**Dataset records**
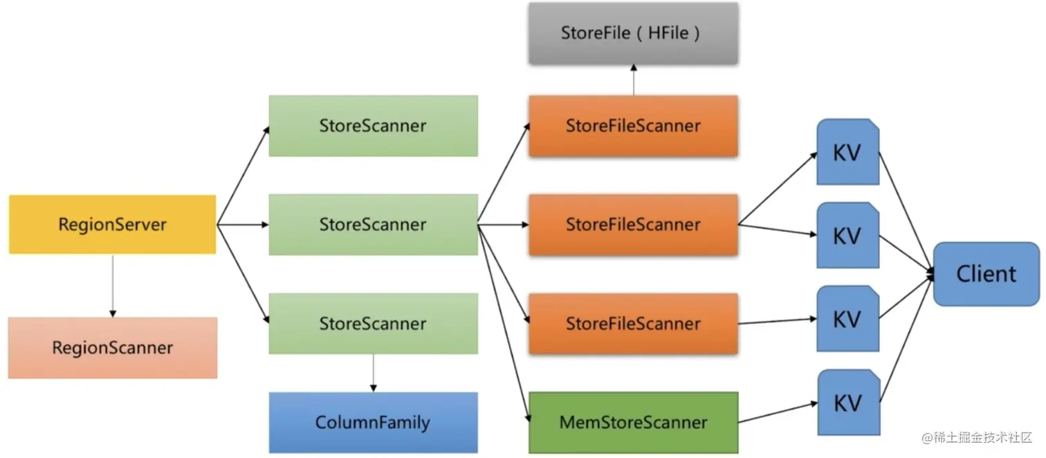 - 将 Mem Store Scanner 、Store File Scanner 扫描到的 Key - value 结构的数据封装之后返回给客户端
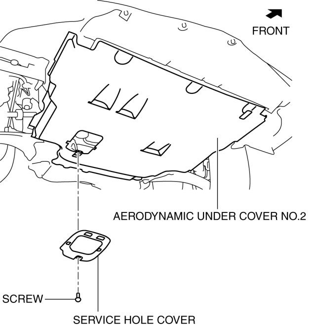 3. Remove the service hole cover (installed to aerodynamic under cover No.2) used to drain the engine oil.
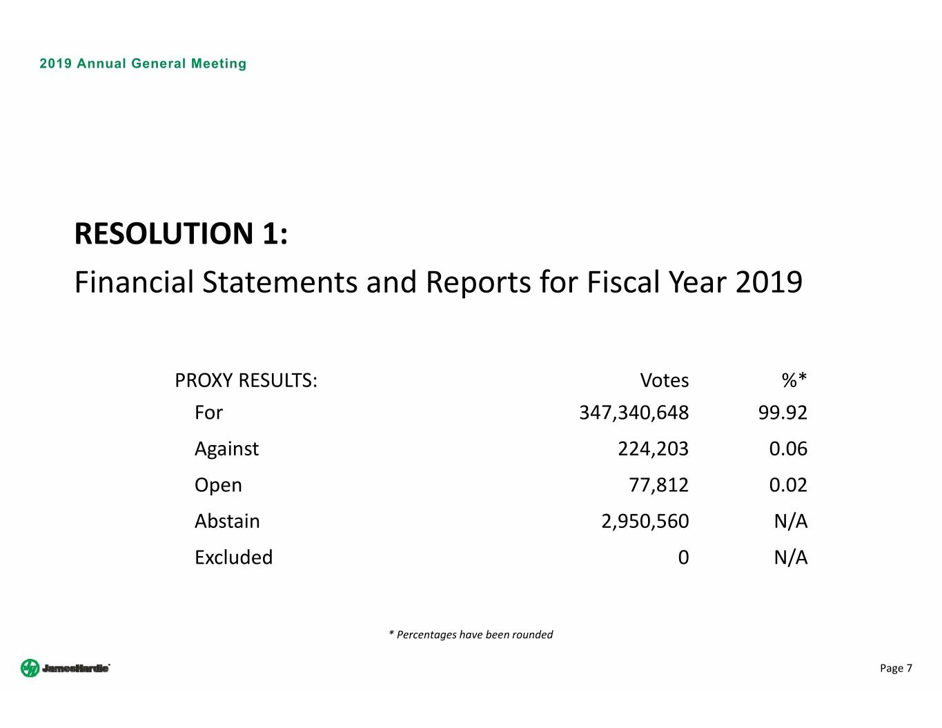2019 Annual General Meeting RESOLUTION 1: Financial Statements and Reports for Fiscal Year 2019 PROXY RESULTS: Votes %* For 347,340,648 99.92 Against 224,203 0.06 Open 77,812 0.02 Abstain 2,950,560 N/A Excluded 0 N/A * Percentages have been rounded Page 7
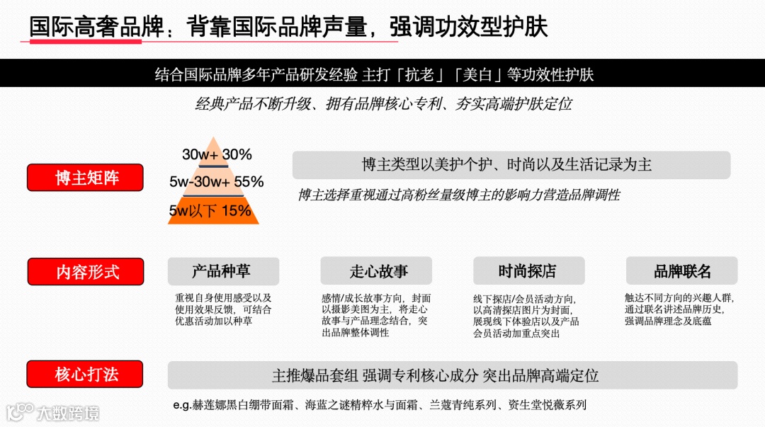 国际高奢美护品牌依托强大品牌声量,聚焦功效护肤,通过分层级博主矩阵,以产品种草、走心故事等多元内容形式,主推含专利成分的爆品套组,稳固高端定位。
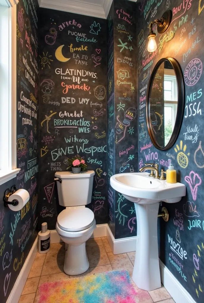 Okay, hear me out, chalkboard wallpaper in a bathroom is way more fun than it sounds. It turns the room into a little interactive space, where you can leave notes, draw something goofy, or write reminders you’ll actually see.
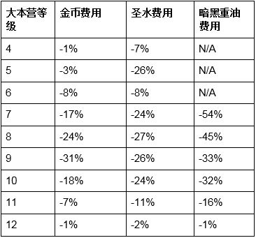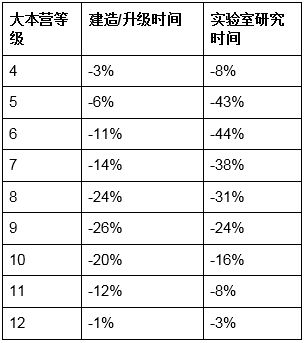 中低级大本营各项目升级时间/费用减少
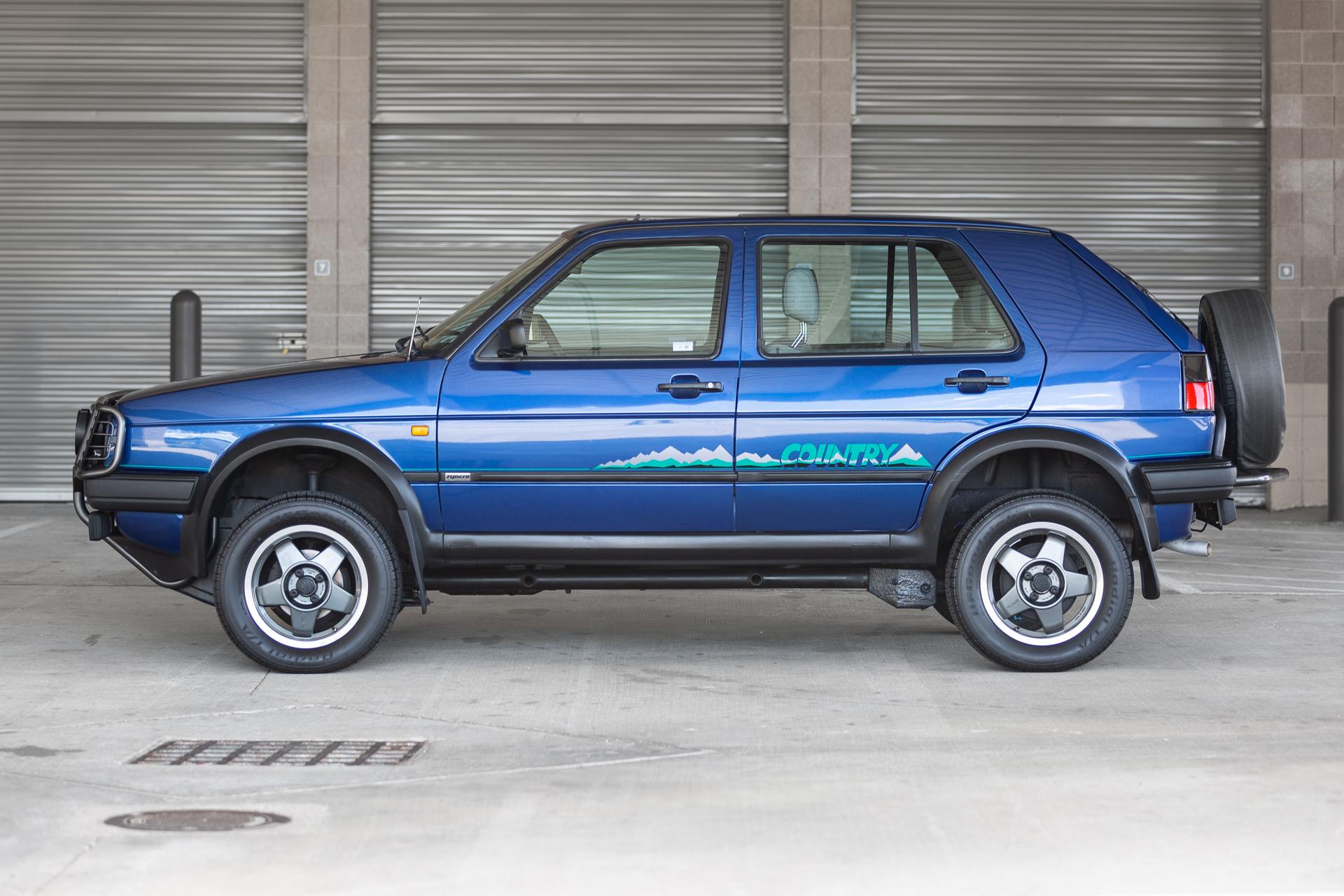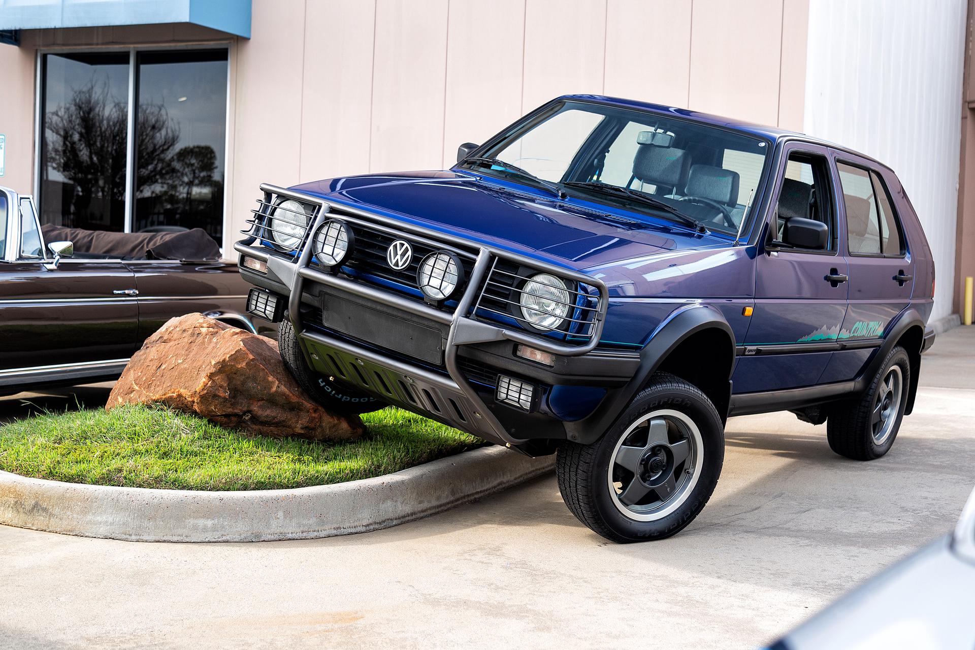 Speedline 15″ alloy wheels wear VW-branded center caps and are mounted with 215/60 BFGoodrich Radial T/A tires that show 2022 date codes, while a matching spare is affixed to a rear swing-out carrier. The Country rides on a lifted suspension when compared to the standard Mk2 Golf, and stopping power is provided by front disc and rear drum brakes.

**Goal of the exercise**
Set down the data exactly as it appears, without any images.

**Final answer**
 - 将 Mem Store Scanner 、Store File Scanner 扫描到的 Key - value 结构的数据封装之后返回给客户端
 3. Remove the service hole cover (installed to aerodynamic under cover No.2) used to drain the engine oil.
2019 Annual General Meeting RESOLUTION 1: Financial Statements and Reports for Fiscal Year 2019 PROXY RESULTS: Votes %* For 347,340,648 99.92 Against 224,203 0.06 Open 77,812 0.02 Abstain 2,950,560 N/A Excluded 0 N/A * Percentages have been rounded Page 7
 国际高奢美护品牌依托强大品牌声量,聚焦功效护肤,通过分层级博主矩阵,以产品种草、走心故事等多元内容形式,主推含专利成分的爆品套组,稳固高端定位。
 Okay, hear me out, chalkboard wallpaper in a bathroom is way more fun than it sounds. It turns the room into a little interactive space, where you can leave notes, draw something goofy, or write reminders you’ll actually see.
 中低级大本营各项目升级时间/费用减少
 Speedline 15″ alloy wheels wear VW-branded center caps and are mounted with 215/60 BFGoodrich Radial T/A tires that show 2022 date codes, while a matching spare is affixed to a rear swing-out carrier. The Country rides on a lifted suspension when compared to the standard Mk2 Golf, and stopping power is provided by front disc and rear drum brakes.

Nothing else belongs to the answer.